O primeiro grande perigo da democracia em Portugal é, há séculos, como se disse, o tumulto, com a maior parte das revoltas acabando em grotescas tragédias sangrentas. Por isso, acima de todos os seus contemporâneos, é preciso mencionar o general Costa Gomes e o doutor Álvaro Cunhal, grandes responsáveis pela ausência de uma guerra civil em 1975. No “Verão quente”, o PCP controlava o país, mas só se poderia manter pela força das armas. Muitos fatores evitaram o sangue, mas a atitude desses dois líderes comunistas, preferindo perder o poder a passar ao ataque, foi certamente decisiva.
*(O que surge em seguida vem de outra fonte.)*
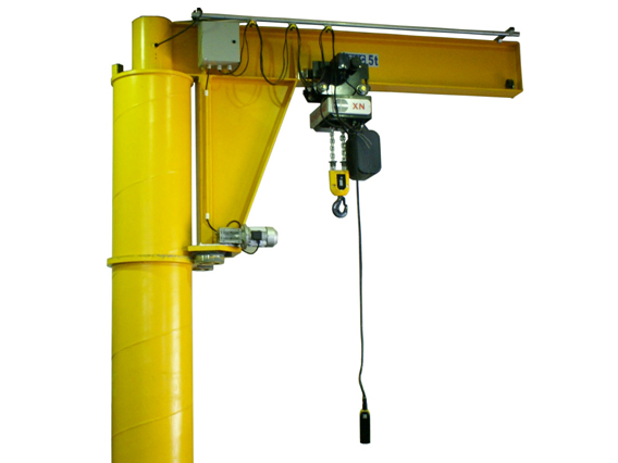 旋臂起重機(jī)是近年來發(fā)展起來的中小型吊運(yùn)設(shè)備。額定起重量為0.25~16t,其結(jié)構(gòu)獨(dú)特、安全可靠,具有高效、節(jié)能、省時、省力、靈活的特點(diǎn)。且能在三維空間內(nèi)隨意操作,特別是在短距、密集性吊運(yùn)的場合更能顯示出比其它常規(guī)性吊運(yùn)設(shè)備獨(dú)有的優(yōu)越性。廣泛應(yīng)用于車間、倉庫、碼頭等固定場所。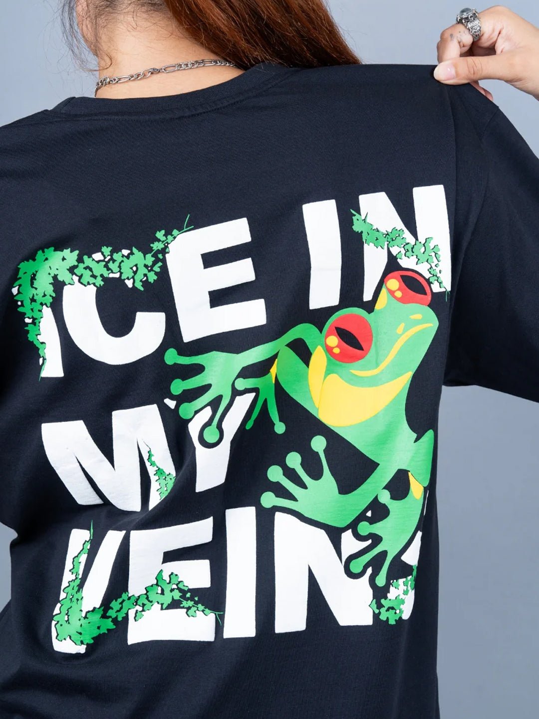 Half Sleeves Crew Neck Puff Printed 220 GSM Fabric Fit: Oversized Fit Fabric: Terry Cotton Size: Model is wearing L size Country of Origin: Proudly Indian Washing Instructions: Machine wash. Do not iron directly or scrub on print. Dry on flat surface as hanging may cause measurement variations Color shown in the picture may vary from the actual product due to different lighting Product Description Shop the Ice In My Veins Puff Printed Black Oversized Terry T-shirt for Women by PRONK. Available in sizes XS, S, M, L, XL & XXL. Style meets comfort!

Nos raros casos em que se evitou a violência revolucionária, a agressão acabou por ressurgir por vingança do lado oposto. Assim, nesse momento, foi também decisivo o patriotismo dos vencedores, que acataram a lúcida declaração do major Melo Antunes a 26 de novembro, tomando a participação do PCP como “indispensável” ao regime.

Assim, ao contrário de quase todas as antecessoras, a revolução de 1974 atingiu a estabilidade logo em 1976. Só que, vencido o tumulto, era preciso enfrentar a incompetência e corrupção que sempre tinham envenenado as poucas revoluções lusitanas que sobreviveram aos anos iniciais. Aí, a visão do doutor Mário Soares, apostando claramente na adesão à Europa, e a capacidade do professor Cavaco Silva, que a soube realizar, são indiscutivelmente modelos de liderança que marcarão para sempre a nossa história.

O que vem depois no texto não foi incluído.